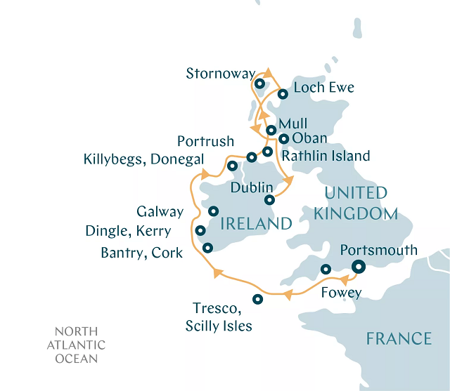 Returning back across the channel, you’ll arrive in the picturesque Cornish town of Fowey. With strong ties to its Celtic roots, this beautiful historical town has a wonderful selection of shops and eateries to explore. Nearby you’ll find the world-famous Eden Project and the Lost Gardens of Heligan. The port here is deep but small, so with your boutique cruise ship as the star attraction, you can be guaranteed a warm, friendly Cornish welcome.
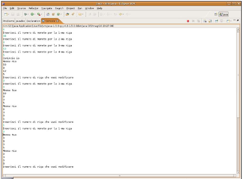 Nella parte principale (main) si inserisce in Input il numero (n) di mucchi (righe) successivamente, con un ciclo for si inseriscono i numeri di oggetti (vettore[i]) per mucchio, si convertono i numeri da notazione decimale a binaria e si registra la lunghezza del numero così ottenuto, si prende a riferimento la stringa di numeri più lunga (a3) e con la procedura di controllo si procede a verificare se la condizione di partenza è 'sicura' o 'pericolosa', si applica un controllo 'verticale' dei numeri espressi in forma binaria (cioè controllo tutte le a4-me cifre dei numeri in binario, se vett1[j].charAt(a4) vale '1' incremento il contatore). Se il computer scopre di essere in una posizione 'sicura' allora fa muovere l'utente, se si trova in una posizione 'pericolosa' muove per primo. Con la procedura miamossa il computer deicide la mossa: la mossa consiste nel togliere un oggetto per volta da un mucchio e controllare se vi sia un situazione 'sicura', in caso contrario si rimette tutto a posto. Con la procedura tuamossa l'utente fa la sua mossa ed il computer si limita a registrare i dati. La procedura controlfine permette di verificare se la configurazione finale risulta di tutti zeri. Si potrebbe far notare agli studenti che il programma così strutturato è piuttosto complesso e invitare alla compilazione di uno più 'economico'.
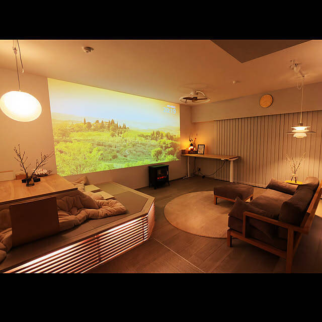 piroaiさんの住まいでまず目を引くのは、マンションリノベの枠を飛び越えた、遊び心あふれる設備です。特筆すべきは、本格的なプライベートサウナ。自分のペースで心ゆくまで「整う」時間は、何にも代えがたい贅沢ですね。さらにリビングには、壁一面をスクリーンにした約170インチの巨大シアターも。サウナで汗を流したあと、大画面で映画を観ながらソファで寛ぐ――。自分の「好き」を最優先したからこそ生まれた、最高にリラックスできるルーティンがここにはあります。
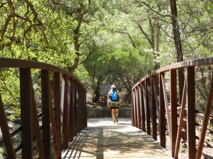 The creek is dry today, but shows signs that water does flow through here with rains. All along it there are trees to shade us.

· · · ·

> ASSIGNED TASK
Reproduce the data above verbatim, minus any images.

> PROBLEM SOLUTION
 Returning back across the channel, you’ll arrive in the picturesque Cornish town of Fowey. With strong ties to its Celtic roots, this beautiful historical town has a wonderful selection of shops and eateries to explore. Nearby you’ll find the world-famous Eden Project and the Lost Gardens of Heligan. The port here is deep but small, so with your boutique cruise ship as the star attraction, you can be guaranteed a warm, friendly Cornish welcome.
 Nella parte principale (main) si inserisce in Input il numero (n) di mucchi (righe) successivamente, con un ciclo for si inseriscono i numeri di oggetti (vettore[i]) per mucchio, si convertono i numeri da notazione decimale a binaria e si registra la lunghezza del numero così ottenuto, si prende a riferimento la stringa di numeri più lunga (a3) e con la procedura di controllo si procede a verificare se la condizione di partenza è 'sicura' o 'pericolosa', si applica un controllo 'verticale' dei numeri espressi in forma binaria (cioè controllo tutte le a4-me cifre dei numeri in binario, se vett1[j].charAt(a4) vale '1' incremento il contatore). Se il computer scopre di essere in una posizione 'sicura' allora fa muovere l'utente, se si trova in una posizione 'pericolosa' muove per primo. Con la procedura miamossa il computer deicide la mossa: la mossa consiste nel togliere un oggetto per volta da un mucchio e controllare se vi sia un situazione 'sicura', in caso contrario si rimette tutto a posto. Con la procedura tuamossa l'utente fa la sua mossa ed il computer si limita a registrare i dati. La procedura controlfine permette di verificare se la configurazione finale risulta di tutti zeri. Si potrebbe far notare agli studenti che il programma così strutturato è piuttosto complesso e invitare alla compilazione di uno più 'economico'.
 piroaiさんの住まいでまず目を引くのは、マンションリノベの枠を飛び越えた、遊び心あふれる設備です。特筆すべきは、本格的なプライベートサウナ。自分のペースで心ゆくまで「整う」時間は、何にも代えがたい贅沢ですね。さらにリビングには、壁一面をスクリーンにした約170インチの巨大シアターも。サウナで汗を流したあと、大画面で映画を観ながらソファで寛ぐ――。自分の「好き」を最優先したからこそ生まれた、最高にリラックスできるルーティンがここにはあります。
 The creek is dry today, but shows signs that water does flow through here with rains. All along it there are trees to shade us.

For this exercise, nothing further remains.